Once you have the physical implementation done and you have the gate-level netlists ready, it is crucial to run full gate-level simulations to make sure that your design works as intended after running the physical implementation.

Run the gate-level simulation by:

export PDK_ROOT=<pdk-installation-path>
make verify-<testbench-name>-gl

# For example
make verify-io_ports-gl

To make sure that your design is timing clean, one way is running sdf annotated gate-level simulation Run the sdf annotated gate-level simulation by:

export PDK_ROOT=<pdk-installation-path>
make verify-<testbench-name>-gl-sdf

# For example
make verify-io_ports-gl-sdf

This sample project comes with four example testbenches to test the IO port connection, wishbone interface, and logic analyzer. The test-benches are under the verilog/dv directory. For more information on setting up the simulation environment and the available testbenches for this sample project, refer to README.

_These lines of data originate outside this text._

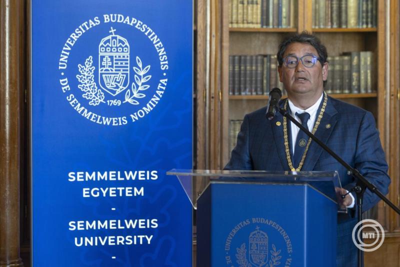 Merkely Béla, a Semmelweis Egyetem rektora emlékeztetett arra, hogy az SE oktatási tevékenysége mellett Magyarország legnagyobb betegellátója, hiszen minden tizedik magyar ember náluk gyógyul.
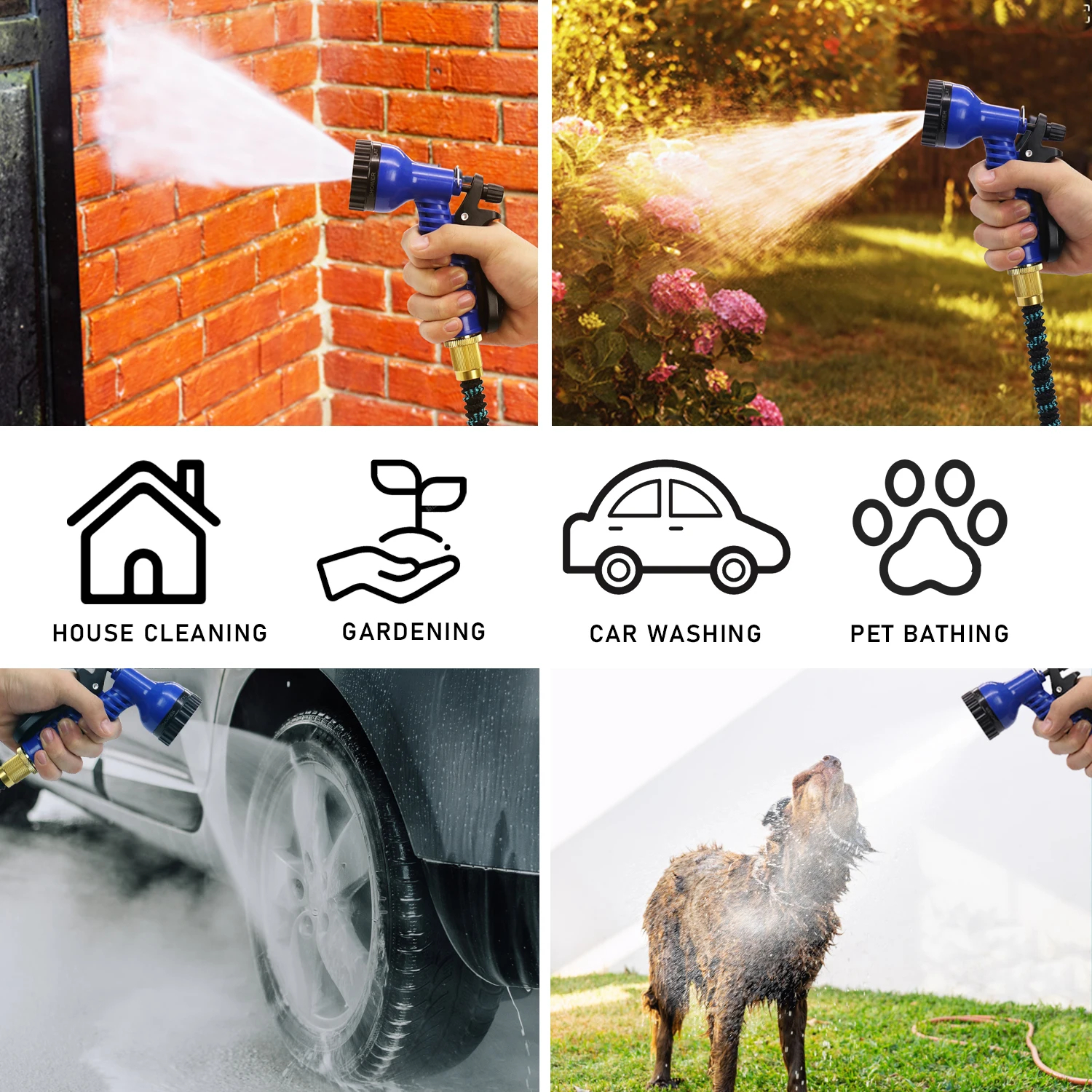 Expandable Garden Hose 50 ft (3/4") + 7-Function Spray Nozzle 鈥 Easy Outdoor Watering
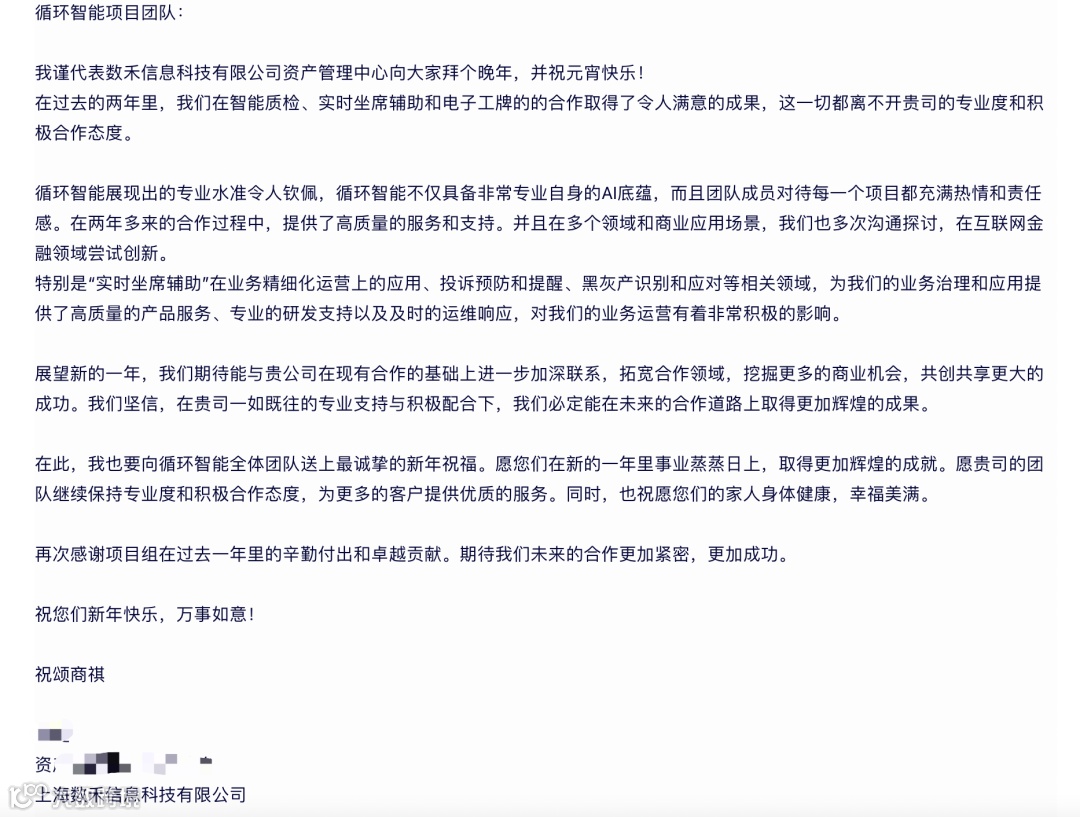 “ 在过去的两年里,我们在智能质检、实时坐席辅助和电子工牌的合作取得了令人满意的成果,这一切都离不开贵司的专业度和积极合作态度。循环智能不仅具备非常专业资深的AI底蕴,而且团队成员对待每一个项目都充满热情和责任感。在两年多来的合作中,提供了高质量的服务和支持,并且在多个领域和商业应用场景,我们也多次沟通探讨,在互联网金融领域尝试创新。”

User Project Wrapper Requirements

Your hardened user_project_wrapper must match the golden user_project_wrapper in the following:

  • Area (2.920um x 3.520um)

  • Top module name "user_project_wrapper"

  • Pin Placement

  • Pin Sizes

  • Core Rings Width and Offset

  • PDN Vertical and Horizontal Straps Width

You are allowed to change the following if you need to:

  • PDN Vertical and Horizontal Pitch & Offset

To make sure that you adhere to these requirements, we run an exclusive-or (XOR) check between your hardened user_project_wrapper GDS and the golden wrapper GDS after processing both layouts to include only the boundary (pins and core rings). This check is done as part of the mpw-precheck tool.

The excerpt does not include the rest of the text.